Radiation dose titration study in cervical cancer. C57BL/6 mice were subcutaneously inoculated with TC-1 cells on both flanks. Once tumors reached a 3–4 mm size, the right tumors were treated with a single dose of 6 Gy, 10 Gy or 15 Gy, with a combination of agonistic anti-CD40 (20 µg/tumor) (a) Volumes of treated tumors over time. Higher doses of RT had a better treatment impact, but did not induce the abscopal effect. (b) Volumes of untreated (abscopal) tumors over time. Single dose of 6 Gy combined with anti-CD40 induced abscopal effect on contralateral tumor, by inhibiting tumor progression. Error bars are SEM. n = 5 mice/group. * p < 0.05, *** p < 0.001, **** p < 0.0001.

Figure 4

Immunoadjuvant dosing titration study on TC-1 tumors. Single dose of 6 Gy RT combined with anti-CD40 in single direct injection (concentration 20 µg/tumor) induced an abscopal effect, autoimmune memory, and autoimmune vitiligo. Other dosing regimens in combination with RT only effected the treated tumors. Once tumors reached treatable size, the right tumors were treated with single dose of 6 Gy or with a combination of agonistic anti-CD40, either in one dose or in three fractionated doses (day 0, 7, 14 post treatment) with a total application of 20 µg mAb. (a) Volumes of treated tumors over time. * p < 0.05; (b) Volumes of untreated (abscopal) tumors over time. Error bars are SEM. * p < 0.05; (c) Overall survival. n = 5 mice/group. *** p < 0.001 (d) Body weight averages of all groups. Increasing body weight corresponds to better mouse condition and smaller/no tumors. (e) Representative CT images of mice, two weeks after treatment. Orange color correlates to treated tumor and green to non-treated tumor. (f) Representative picture of vitiligo that occurred in mice in combination group of RT and single direct injection of anti-CD40 (20 µg) that had been re-challenged with TC-1 tumors.

Figure 5

Scheme of Abscopal Effect.
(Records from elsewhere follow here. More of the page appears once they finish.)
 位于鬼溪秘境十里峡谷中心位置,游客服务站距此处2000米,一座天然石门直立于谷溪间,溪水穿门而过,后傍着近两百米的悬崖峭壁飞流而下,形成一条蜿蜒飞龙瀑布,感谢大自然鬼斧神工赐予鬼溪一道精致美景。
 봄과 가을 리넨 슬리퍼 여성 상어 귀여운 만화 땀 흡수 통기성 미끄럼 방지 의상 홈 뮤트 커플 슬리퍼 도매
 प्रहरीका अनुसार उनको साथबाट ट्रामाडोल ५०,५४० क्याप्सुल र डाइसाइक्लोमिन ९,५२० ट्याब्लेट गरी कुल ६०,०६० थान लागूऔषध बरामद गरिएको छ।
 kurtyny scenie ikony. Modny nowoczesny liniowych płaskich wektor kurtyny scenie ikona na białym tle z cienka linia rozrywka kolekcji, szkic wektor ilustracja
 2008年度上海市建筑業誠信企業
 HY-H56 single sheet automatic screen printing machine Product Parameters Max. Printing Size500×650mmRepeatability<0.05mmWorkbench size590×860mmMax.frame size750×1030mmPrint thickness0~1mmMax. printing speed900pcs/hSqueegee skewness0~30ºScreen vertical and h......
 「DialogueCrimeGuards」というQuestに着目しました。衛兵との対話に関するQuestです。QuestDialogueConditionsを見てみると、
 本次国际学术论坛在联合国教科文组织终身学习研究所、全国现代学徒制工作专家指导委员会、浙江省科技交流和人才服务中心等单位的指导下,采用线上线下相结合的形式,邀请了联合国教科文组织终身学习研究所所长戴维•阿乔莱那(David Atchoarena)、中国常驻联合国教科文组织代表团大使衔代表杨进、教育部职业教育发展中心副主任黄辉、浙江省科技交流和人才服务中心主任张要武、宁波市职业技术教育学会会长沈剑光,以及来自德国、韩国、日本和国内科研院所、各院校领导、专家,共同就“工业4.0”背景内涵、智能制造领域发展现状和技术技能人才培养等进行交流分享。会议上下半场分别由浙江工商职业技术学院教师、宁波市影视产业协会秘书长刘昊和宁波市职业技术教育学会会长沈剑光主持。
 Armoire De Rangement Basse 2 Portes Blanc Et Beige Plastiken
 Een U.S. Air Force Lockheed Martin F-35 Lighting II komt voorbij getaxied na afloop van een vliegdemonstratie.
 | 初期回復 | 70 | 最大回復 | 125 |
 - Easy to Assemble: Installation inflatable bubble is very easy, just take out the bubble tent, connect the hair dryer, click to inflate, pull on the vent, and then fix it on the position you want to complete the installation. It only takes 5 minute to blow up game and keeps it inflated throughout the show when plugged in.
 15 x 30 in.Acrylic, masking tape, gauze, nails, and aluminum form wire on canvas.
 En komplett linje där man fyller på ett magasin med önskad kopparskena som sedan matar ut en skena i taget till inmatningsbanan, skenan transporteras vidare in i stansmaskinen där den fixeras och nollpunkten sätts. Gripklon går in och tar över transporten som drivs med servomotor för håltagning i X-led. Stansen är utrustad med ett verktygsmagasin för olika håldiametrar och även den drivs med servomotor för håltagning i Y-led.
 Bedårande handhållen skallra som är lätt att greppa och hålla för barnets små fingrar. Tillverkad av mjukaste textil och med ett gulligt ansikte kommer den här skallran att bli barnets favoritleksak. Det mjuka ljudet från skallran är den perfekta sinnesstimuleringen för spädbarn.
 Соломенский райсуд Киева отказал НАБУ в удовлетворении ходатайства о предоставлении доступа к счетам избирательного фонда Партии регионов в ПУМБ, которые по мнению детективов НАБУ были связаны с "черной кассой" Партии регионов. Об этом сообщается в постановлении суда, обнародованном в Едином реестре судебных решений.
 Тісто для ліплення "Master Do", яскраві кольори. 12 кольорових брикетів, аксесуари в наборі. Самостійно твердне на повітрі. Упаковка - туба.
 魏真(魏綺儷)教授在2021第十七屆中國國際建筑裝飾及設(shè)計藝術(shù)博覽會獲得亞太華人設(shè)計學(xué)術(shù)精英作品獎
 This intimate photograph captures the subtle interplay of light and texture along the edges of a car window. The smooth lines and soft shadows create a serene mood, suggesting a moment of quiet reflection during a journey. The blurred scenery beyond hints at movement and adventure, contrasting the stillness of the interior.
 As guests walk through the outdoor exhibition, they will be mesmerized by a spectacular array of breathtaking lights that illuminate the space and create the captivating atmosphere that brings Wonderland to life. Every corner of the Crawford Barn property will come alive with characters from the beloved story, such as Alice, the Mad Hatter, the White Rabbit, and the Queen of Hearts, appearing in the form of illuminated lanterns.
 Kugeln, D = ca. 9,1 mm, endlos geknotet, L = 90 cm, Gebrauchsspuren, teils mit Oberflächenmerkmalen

Irradiation of the cancer cells leads to apoptosis and immunogenic cell death, which contributes to higher release of tumor neoantigens. Radiation causes decrease of myeloid-derived suppressor cells (MDSCs), increased expression of major histocompatibility complex I (MHC I) on tumor cells and production of cytokines and chemokines attracting T-cells. Released neoantigens are up-taken by APCs, migrate through lymphatic vessels to lymphatic nodules, where they are presented to naïve T-cells by interaction of MHC I with T cell receptor (TCR). Naïve T-cells become activated upon further co-stimulatory signals, such as CD80, CD40 and CD28. Activated T-cells, mainly effector T-cells, proliferate and differentiate into neoantigen-specific cytotoxic T cell. These cells then migrate from lymph nodes and accumulate in the places with the neoantigen “label”, meaning all primary and metastatic tumor lesions. The abscopal effect could be hampered by presence of cytotoxic T-lymphocyte associated antigen 4 (CTLA-4) or programmed-death ligand 1 (PD-L1), which have immunosuppressive effect.